Буржуазные националисты пытаются обманывать народ сказками о «самостийности», о «национальном единодушии», о мифической «самобытности» Украины, для которой якобы чужды и неприемлемы «идеи северного соседа» (так разглагольствуют, скажем, на заседании славгородского Совета эсер Гудзий, именующий себя представителем «революционной демократии»). Но это слова для наивных, для пустой и лживой пропаганды, а на деле они уже ищут себе достаточно сильных «покровителей» среди империалистов на Западе, потому что знают: на Украине, как и во всей России, класс встал против класса. И владеют умами рабочих, умами беднейших крестьян не они, а большевики — понятные и близкие массам, страшные и ненавистные для всех, кто привык сидеть на горбу народном.

Грозной демонстрацией отвечает рабочий Славгород на подлое убийство коммуниста Тесленко озверелыми гайдамаками. Незнакомые артиллеристы из проезжающей через Славгород части дружно помогают Артему освободить арестованного петлюровцами большевика Кузнецова. А в селе, рассказывает рядовой крестьянин Мусий Скоряк, про «этот декрет ленинский (о земле. — Л. Н.) только и разговоров». И деревенский труженик возмущается тем, что буржуазные националисты, выдумав «самостийную» Украину, пытаются не допустить его осуществление: «Да вот диво: почему он, этот декрет, для нас силы не имеет? Как будто бы мы в другом государстве живем». И не только ветераны девятьсот пятого года, подобные старому Прокопу Невкипелому, который, отбыв двенадцать лет каторги, говорит своему другу, что он за все ту же партию, что и раньше: «Бей буржуев вдрызг, за бедноту всемирную», — но и большинство недавних фронтовиков в Ветровой Балке заодно с большевиком Артемом: под его руководством они создают отряд Красной гвардии, выгоняют из села «вольных казаков», а с приходом кайзеровских оккупантов с оружием в руках уходят в леса, становятся партизанами.

Таковы контуры общей картины.

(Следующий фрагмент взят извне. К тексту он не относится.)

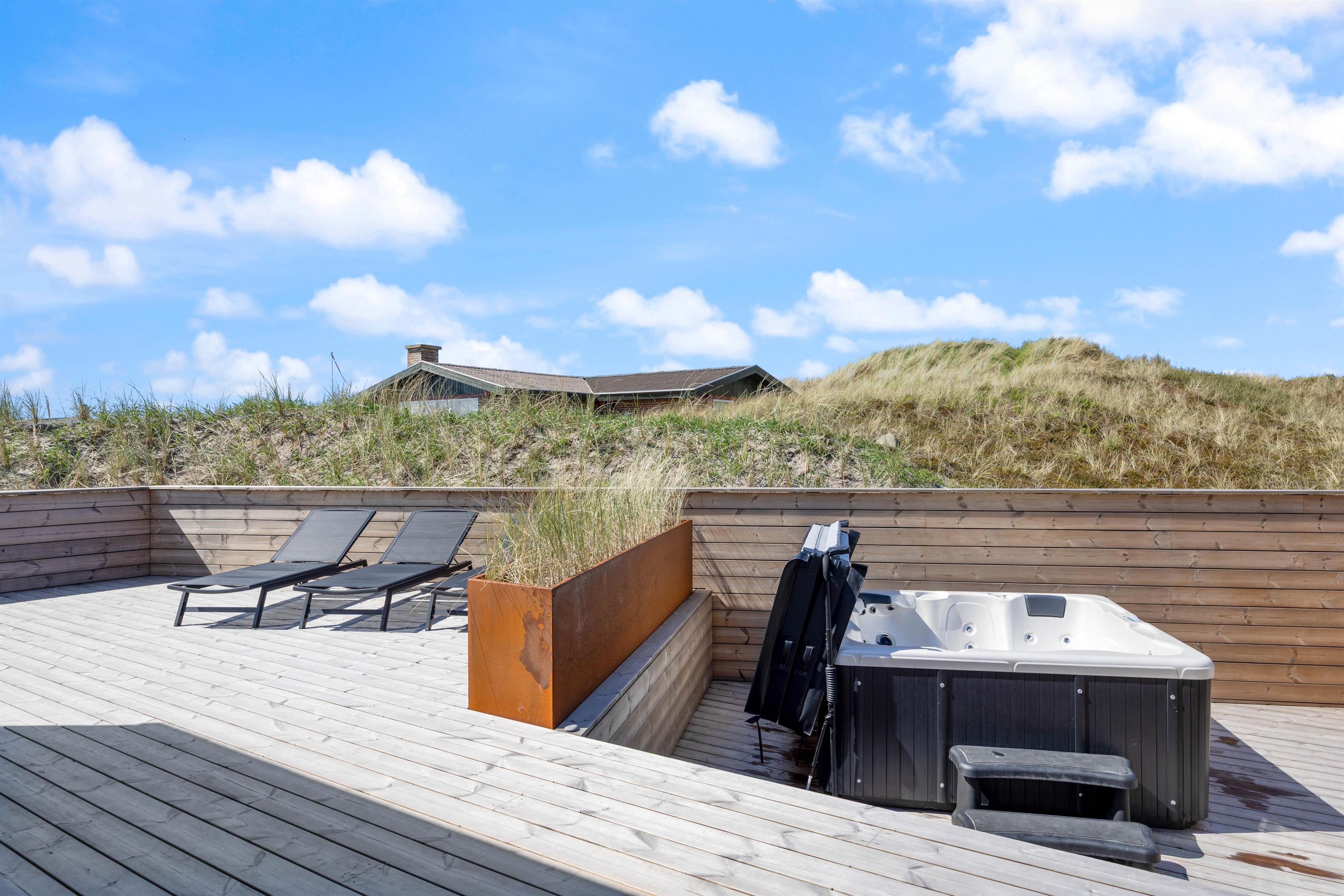 Et af de absolutte highlights ved huset, kan I også finde her på terrassen. Her finder I et lækkert udespa og en udesauna, der tilbyder lidt ekstra muligheder for afslapning og velvære. Det er en oplevelse i sig selv at sidde en kold vinteraften i udespaen og bare betragte den klare stjernehimmel. Derudover er der en udebruser, som kan benyttes hele året rundt.

Перед нами типичная провинция, периферийная «глубинка» — уездный город, село, — но за этими так хорошо знакомыми писателю «местными» объектами изображения угадывается вся страна, огромный размах потрясающих ее событий.

Роман «Артем Гармаш» — произведение многогеройное, многолюдное. Автор свободно вводит в действие широкий круг персонажей, все время «пополняя» его и создавая таким образом плотный и объемный массовый фон для событий, изображаемых в романе. Но на первом плане, разумеется, люди, пути и судьбы которых он прослеживает с особым вниманием.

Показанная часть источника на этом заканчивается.